▸ Exercise instructions
Keep the wording of each record exactly the same when you repeat it, and leave out pictures.
* * *
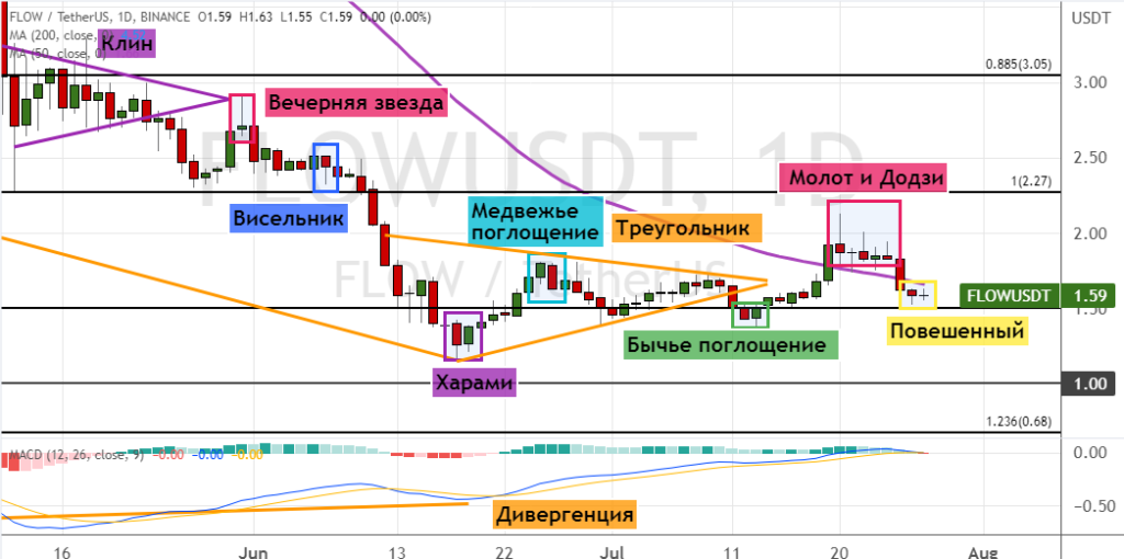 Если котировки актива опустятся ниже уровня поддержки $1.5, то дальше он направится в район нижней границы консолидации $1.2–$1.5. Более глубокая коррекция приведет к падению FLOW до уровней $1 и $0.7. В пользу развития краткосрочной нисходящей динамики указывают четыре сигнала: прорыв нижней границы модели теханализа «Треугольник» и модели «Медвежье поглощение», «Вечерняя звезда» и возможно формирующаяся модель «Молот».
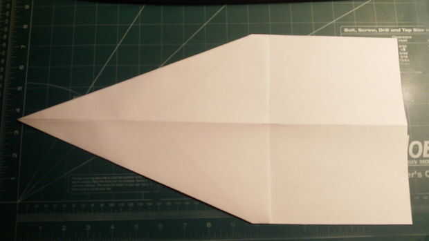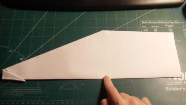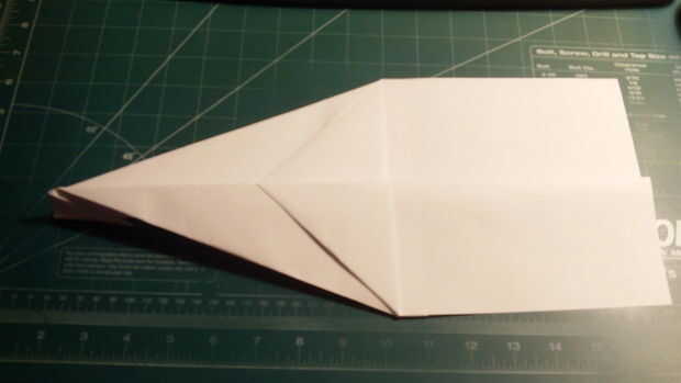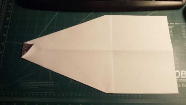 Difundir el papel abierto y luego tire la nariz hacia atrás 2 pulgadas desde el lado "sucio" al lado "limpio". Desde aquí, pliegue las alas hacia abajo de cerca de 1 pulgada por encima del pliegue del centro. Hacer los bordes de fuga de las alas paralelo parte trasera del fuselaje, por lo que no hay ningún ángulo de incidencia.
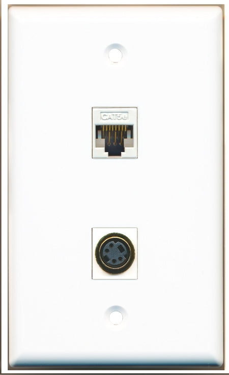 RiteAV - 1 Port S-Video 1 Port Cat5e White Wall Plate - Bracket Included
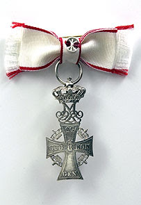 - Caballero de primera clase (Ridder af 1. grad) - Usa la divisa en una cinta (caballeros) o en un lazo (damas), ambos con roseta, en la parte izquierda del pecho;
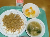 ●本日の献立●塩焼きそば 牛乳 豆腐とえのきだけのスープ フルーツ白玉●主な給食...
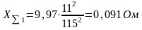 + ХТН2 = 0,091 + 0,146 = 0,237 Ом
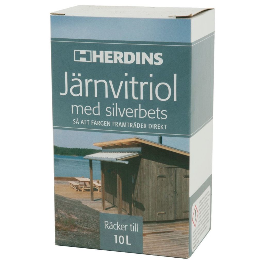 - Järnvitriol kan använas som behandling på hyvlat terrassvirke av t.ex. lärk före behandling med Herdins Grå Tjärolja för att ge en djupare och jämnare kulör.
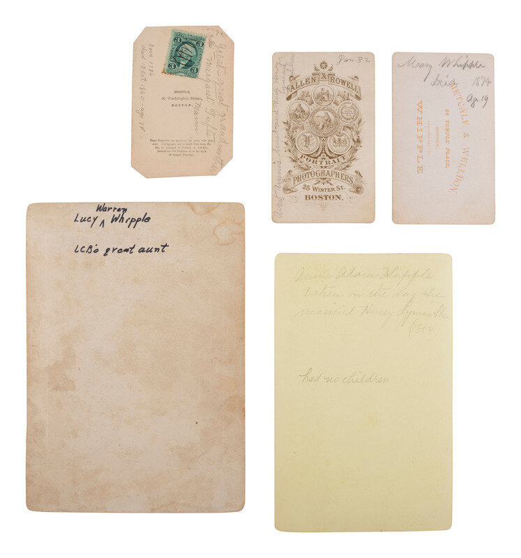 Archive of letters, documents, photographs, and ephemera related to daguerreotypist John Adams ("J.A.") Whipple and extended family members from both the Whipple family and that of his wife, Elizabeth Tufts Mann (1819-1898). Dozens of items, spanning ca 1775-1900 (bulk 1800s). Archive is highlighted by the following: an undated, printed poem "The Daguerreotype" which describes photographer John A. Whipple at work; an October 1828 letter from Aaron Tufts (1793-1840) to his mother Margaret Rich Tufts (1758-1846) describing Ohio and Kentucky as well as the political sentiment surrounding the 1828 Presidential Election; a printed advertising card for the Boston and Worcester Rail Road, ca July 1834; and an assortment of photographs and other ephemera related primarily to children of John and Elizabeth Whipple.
* * *
▸ Reply to the exercise
 Если котировки актива опустятся ниже уровня поддержки $1.5, то дальше он направится в район нижней границы консолидации $1.2–$1.5. Более глубокая коррекция приведет к падению FLOW до уровней $1 и $0.7. В пользу развития краткосрочной нисходящей динамики указывают четыре сигнала: прорыв нижней границы модели теханализа «Треугольник» и модели «Медвежье поглощение», «Вечерняя звезда» и возможно формирующаяся модель «Молот».
 Difundir el papel abierto y luego tire la nariz hacia atrás 2 pulgadas desde el lado "sucio" al lado "limpio". Desde aquí, pliegue las alas hacia abajo de cerca de 1 pulgada por encima del pliegue del centro. Hacer los bordes de fuga de las alas paralelo parte trasera del fuselaje, por lo que no hay ningún ángulo de incidencia.
 RiteAV - 1 Port S-Video 1 Port Cat5e White Wall Plate - Bracket Included
 - Caballero de primera clase (Ridder af 1. grad) - Usa la divisa en una cinta (caballeros) o en un lazo (damas), ambos con roseta, en la parte izquierda del pecho;
 ●本日の献立●塩焼きそば 牛乳 豆腐とえのきだけのスープ フルーツ白玉●主な給食...
 + ХТН2 = 0,091 + 0,146 = 0,237 Ом
 - Järnvitriol kan använas som behandling på hyvlat terrassvirke av t.ex. lärk före behandling med Herdins Grå Tjärolja för att ge en djupare och jämnare kulör.
 Archive of letters, documents, photographs, and ephemera related to daguerreotypist John Adams ("J.A.") Whipple and extended family members from both the Whipple family and that of his wife, Elizabeth Tufts Mann (1819-1898). Dozens of items, spanning ca 1775-1900 (bulk 1800s). Archive is highlighted by the following: an undated, printed poem "The Daguerreotype" which describes photographer John A. Whipple at work; an October 1828 letter from Aaron Tufts (1793-1840) to his mother Margaret Rich Tufts (1758-1846) describing Ohio and Kentucky as well as the political sentiment surrounding the 1828 Presidential Election; a printed advertising card for the Boston and Worcester Rail Road, ca July 1834; and an assortment of photographs and other ephemera related primarily to children of John and Elizabeth Whipple.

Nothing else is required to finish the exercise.